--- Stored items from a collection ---
------------------------------------------------------------

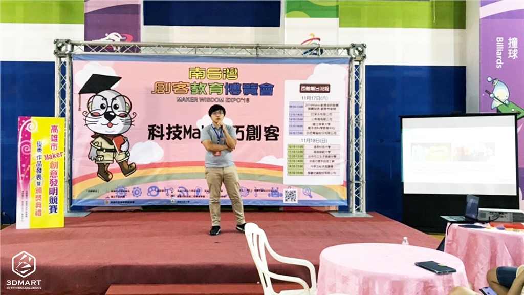 【3D列印展覽】大小朋友不亦樂乎!高雄創(chuàng)客展圓滿落幕! 南臺灣高雄創(chuàng)客展圓滿結(jié)束,現(xiàn)場充滿創(chuàng)意手作和益智科學;大人、小孩都玩得很開心,現(xiàn)在就來回顧當時的盛況!在高雄中正技擊館前就能看到滿滿的迎賓海報,場外的中央舞臺可以看到小朋友的表演節(jié)目,大家都賣力演出。 場內(nèi)也有舞臺發(fā)表的活動,三帝瑪也應邀出席,為大家講解3D列印的技術(shù)和科技,以及曾經(jīng)用於手工製作的案例等。 難得前往高雄展出,因此我們這次申請三個攤位,放上滿滿的展品要讓大家一次看夠三種技術(shù)(延伸閱讀:3種3D列印大比拚)。 不僅如此,連Ultimaker系列3D列印機都帶了兩臺,一臺是Ultimaker S5和Ultimaker 3,並且在現(xiàn)場實際列印贈品。 小編趁尚未開幕才拍到完整擺設的展品照片,剛?cè)雸鼍土⒖逃腥嗽儐?,後續(xù)湧入的小朋友更是好奇心旺盛又熱情活潑!只要是三帝瑪參加的展覽,現(xiàn)場都會派專業(yè)人員為大家做技術(shù)解說。 許多手作攤位都被擠得水洩不通,這次的展覽中有一些小型機器人和遙控運輸機;看得出科技已經(jīng)漸漸走入校園,大人、小孩也都知道3D列印機的基本概念,大家獲得新知的速度遠遠超過兩、三年前三帝瑪在其他展覽中的表現(xiàn)。 很高興這次的創(chuàng)客展圓滿落幕啦!無法到場的大家別傷心,我們未來會持續(xù)規(guī)劃活動與展出;追蹤粉絲專頁就能獲得第一手消息;而本次展場中的3D列印物件也將成為近期的神祕嘉賓,現(xiàn)場已經(jīng)有人搶先看到本尊囉!我們很快又會和大家分享,請各位拭目以待! 追蹤粉絲專頁、抓住3D技術(shù):https://www.facebook.com/m.88778853.com/
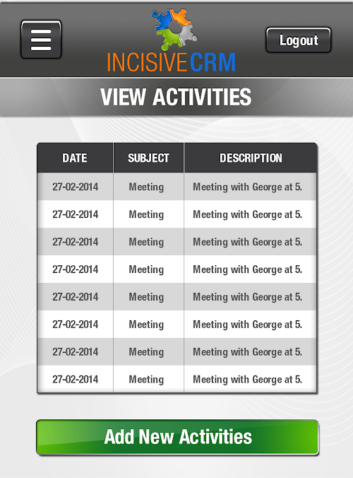 In this screen, a list of scheduled activities and meetings can be viewed along with the date and time they are scheduled on.
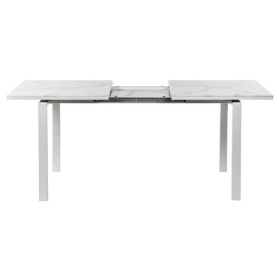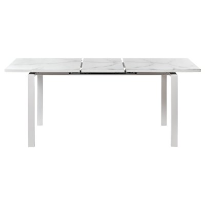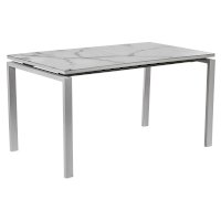 Раскладной стол с "парящей" столешницей из закалённого стекла толщиной 4 мм и рисунком под натуральный камень, на основании из ЛДСП 22 мм, станет центром притяжения внимания. Центральная вставка позволит увеличить стол на 40 см с 140 до 180см. Прямые устойчивые металлические ножки позволят с комфортом разместиться большой компании. Стол поставляется в разобранном виде (2 коробки).
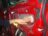 Дверные поверхности, на которые планируется нанесение шумоизоляции, обезжириваются с помощью обезжиривателя. Как правило, в автомобилях уже есть заводская дверная шумоизоляция, нова наносится поверх заводской.
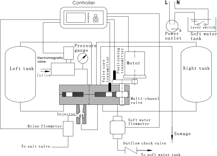 RF double tank floating bed plane multi-way valve, realized tow tank softening at the same time and regenerating alternate, integrated with brine jet device and brine flow meter and brine electric valve, with soft water flow meter, guarantees the water softening , the water regenerating and water filling to salt box, Complete according to the set volume.as long as the factory according to the raw water hardness set corresponding operation parameters, can always guarantee the stable operation of the equipment, guarantee the softened water and salt consumption.Soft water level control contact input, 485 communication interface, external control input interface, same as ZR series for high hard water softening.
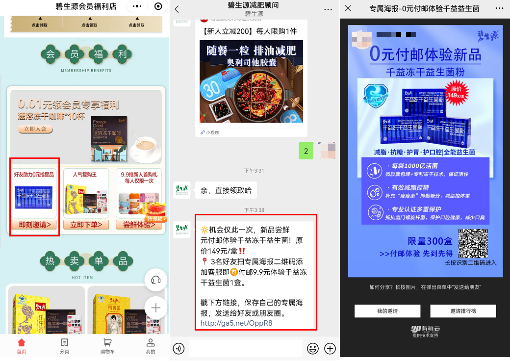 碧生源常做裂變活動(dòng),合理地利用私域資源,實(shí)現(xiàn)拉新和復(fù)購的效果,以小程序、社群為例:
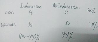 V2:说好像是参加个什么东西 woman占人数的40% 会印度尼西亚语言的占人数的10% 问会印度尼西亚语言的woman比例
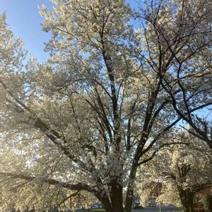 マメナシの木です。一見桜に見えますがお花は真っ白でとっても綺麗です。これが咲き始めると私の花粉症も始まり春が来た実感がします😆
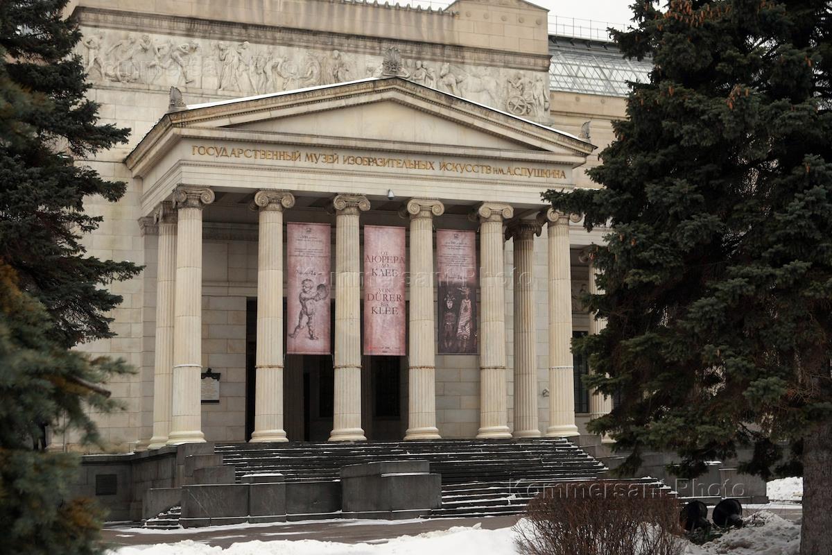 Здание Государственного музея изобразительных искусств (ГМИИ) имени А.С.Пушкина. Афиша выставки "От Дюрера до Клее. Немецкий, австрийский и швейцарский рисунок XV — XX веков из собрания ГМИИ" на фасаде здания.
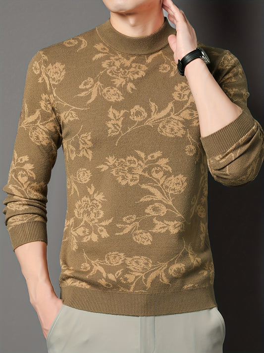 The New Autumn And Winter Collection Features a Men'S Long-Sleeve Knitted Pullover with a Floral Pattern, Designed with Ribbed Details. This Casual And Stylish Sweater Is Perfect for Everyday Wear During The Fall And Winter S
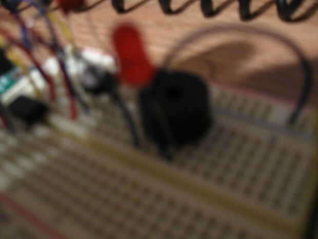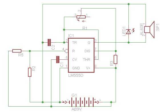 Finalmente Conecte el altavoz y el LED al pin 3 del chip 555 temporizador por medio de cables de puente y conecte los dos bornes negativos a tierra.
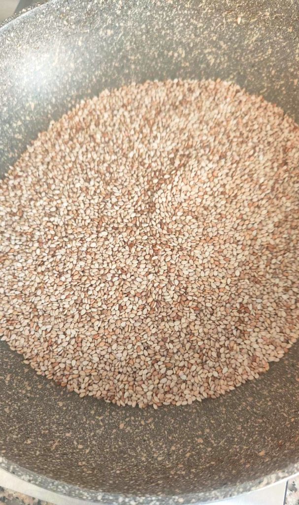 • Wenn Sie stattdessen ungeröstete Sesamsamen verwenden, ist die Prozedur, sie vor dem Mahlen zu rösten.
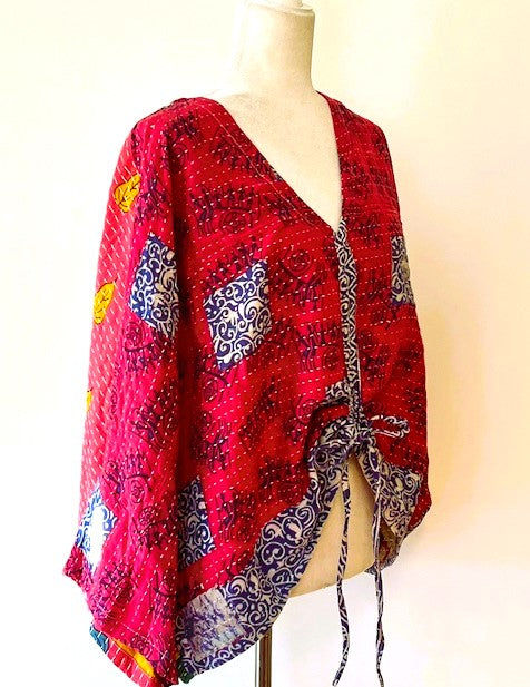 Kantha Bae Shortie Kimono (Yellow/Rose Mix)
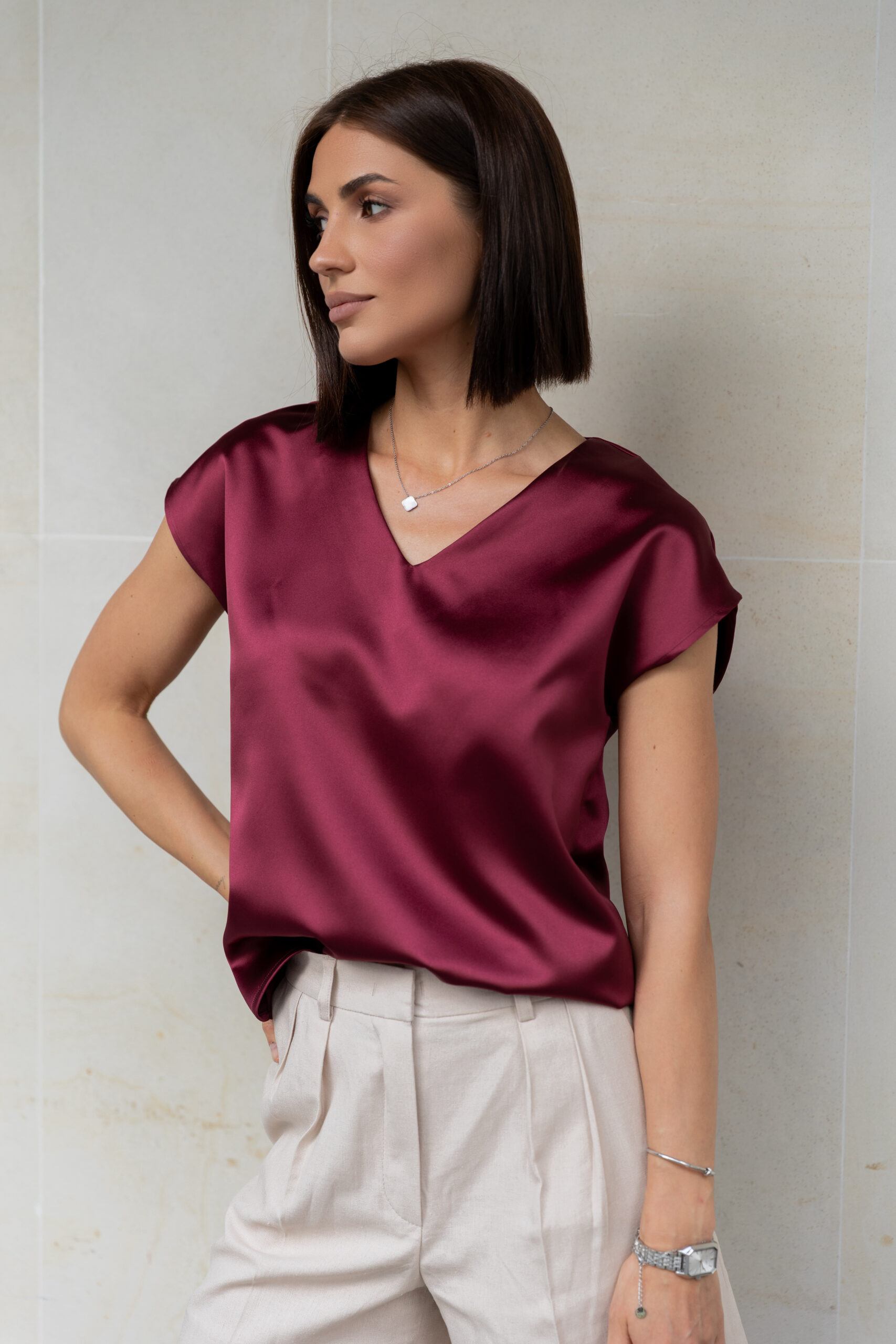 Атласна блуза кольору бургунді — розкіш, яка не потребує зайвих слів
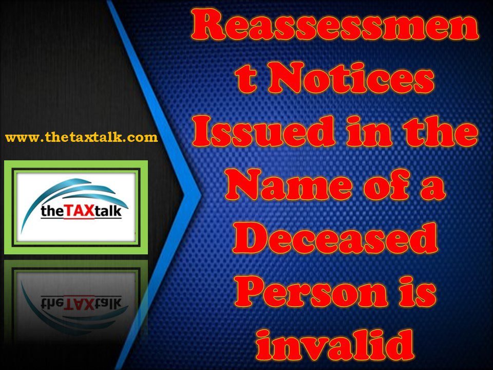 Income TaxReassessment Notices Issued in the Name of a Deceased Person is invalid4 days agoReassessment Notices Issued in the Name of a Deceased Person is invalid Reassessment Notices Issued in the Name of…
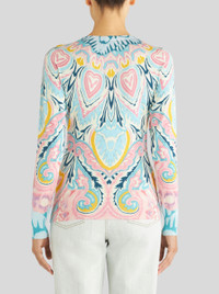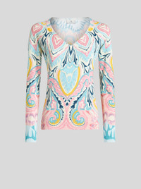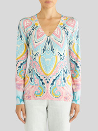 Stretch silk jumper with lucky clover floral patterns. PRODUCT DETAILS • 85% silk, 15% elastane • Slim fit • V neck • Long sleeves • Made in Italy • The model is 178 cm tall and wears size 40

------------------------------------------------------------

--- TASK BRIEF ---
A verbatim copy of the data, with all pictures omitted, is the required output.

--- EXERCISE SOLUTION ---
 【3D列印展覽】大小朋友不亦樂乎!高雄創(chuàng)客展圓滿落幕! 南臺灣高雄創(chuàng)客展圓滿結(jié)束,現(xiàn)場充滿創(chuàng)意手作和益智科學;大人、小孩都玩得很開心,現(xiàn)在就來回顧當時的盛況!在高雄中正技擊館前就能看到滿滿的迎賓海報,場外的中央舞臺可以看到小朋友的表演節(jié)目,大家都賣力演出。 場內(nèi)也有舞臺發(fā)表的活動,三帝瑪也應邀出席,為大家講解3D列印的技術(shù)和科技,以及曾經(jīng)用於手工製作的案例等。 難得前往高雄展出,因此我們這次申請三個攤位,放上滿滿的展品要讓大家一次看夠三種技術(shù)(延伸閱讀:3種3D列印大比拚)。 不僅如此,連Ultimaker系列3D列印機都帶了兩臺,一臺是Ultimaker S5和Ultimaker 3,並且在現(xiàn)場實際列印贈品。 小編趁尚未開幕才拍到完整擺設的展品照片,剛?cè)雸鼍土⒖逃腥嗽儐?,後續(xù)湧入的小朋友更是好奇心旺盛又熱情活潑!只要是三帝瑪參加的展覽,現(xiàn)場都會派專業(yè)人員為大家做技術(shù)解說。 許多手作攤位都被擠得水洩不通,這次的展覽中有一些小型機器人和遙控運輸機;看得出科技已經(jīng)漸漸走入校園,大人、小孩也都知道3D列印機的基本概念,大家獲得新知的速度遠遠超過兩、三年前三帝瑪在其他展覽中的表現(xiàn)。 很高興這次的創(chuàng)客展圓滿落幕啦!無法到場的大家別傷心,我們未來會持續(xù)規(guī)劃活動與展出;追蹤粉絲專頁就能獲得第一手消息;而本次展場中的3D列印物件也將成為近期的神祕嘉賓,現(xiàn)場已經(jīng)有人搶先看到本尊囉!我們很快又會和大家分享,請各位拭目以待! 追蹤粉絲專頁、抓住3D技術(shù):https://www.facebook.com/m.88778853.com/
 In this screen, a list of scheduled activities and meetings can be viewed along with the date and time they are scheduled on.
 Раскладной стол с "парящей" столешницей из закалённого стекла толщиной 4 мм и рисунком под натуральный камень, на основании из ЛДСП 22 мм, станет центром притяжения внимания. Центральная вставка позволит увеличить стол на 40 см с 140 до 180см. Прямые устойчивые металлические ножки позволят с комфортом разместиться большой компании. Стол поставляется в разобранном виде (2 коробки).
 Дверные поверхности, на которые планируется нанесение шумоизоляции, обезжириваются с помощью обезжиривателя. Как правило, в автомобилях уже есть заводская дверная шумоизоляция, нова наносится поверх заводской.
 RF double tank floating bed plane multi-way valve, realized tow tank softening at the same time and regenerating alternate, integrated with brine jet device and brine flow meter and brine electric valve, with soft water flow meter, guarantees the water softening , the water regenerating and water filling to salt box, Complete according to the set volume.as long as the factory according to the raw water hardness set corresponding operation parameters, can always guarantee the stable operation of the equipment, guarantee the softened water and salt consumption.Soft water level control contact input, 485 communication interface, external control input interface, same as ZR series for high hard water softening.
 碧生源常做裂變活動(dòng),合理地利用私域資源,實(shí)現(xiàn)拉新和復(fù)購的效果,以小程序、社群為例:
 V2:说好像是参加个什么东西 woman占人数的40% 会印度尼西亚语言的占人数的10% 问会印度尼西亚语言的woman比例
 マメナシの木です。一見桜に見えますがお花は真っ白でとっても綺麗です。これが咲き始めると私の花粉症も始まり春が来た実感がします😆
 Здание Государственного музея изобразительных искусств (ГМИИ) имени А.С.Пушкина. Афиша выставки "От Дюрера до Клее. Немецкий, австрийский и швейцарский рисунок XV — XX веков из собрания ГМИИ" на фасаде здания.
 The New Autumn And Winter Collection Features a Men'S Long-Sleeve Knitted Pullover with a Floral Pattern, Designed with Ribbed Details. This Casual And Stylish Sweater Is Perfect for Everyday Wear During The Fall And Winter S
 Finalmente Conecte el altavoz y el LED al pin 3 del chip 555 temporizador por medio de cables de puente y conecte los dos bornes negativos a tierra.
 • Wenn Sie stattdessen ungeröstete Sesamsamen verwenden, ist die Prozedur, sie vor dem Mahlen zu rösten.
 Kantha Bae Shortie Kimono (Yellow/Rose Mix)
 Атласна блуза кольору бургунді — розкіш, яка не потребує зайвих слів
 Income TaxReassessment Notices Issued in the Name of a Deceased Person is invalid4 days agoReassessment Notices Issued in the Name of a Deceased Person is invalid Reassessment Notices Issued in the Name of…
 Stretch silk jumper with lucky clover floral patterns. PRODUCT DETAILS • 85% silk, 15% elastane • Slim fit • V neck • Long sleeves • Made in Italy • The model is 178 cm tall and wears size 40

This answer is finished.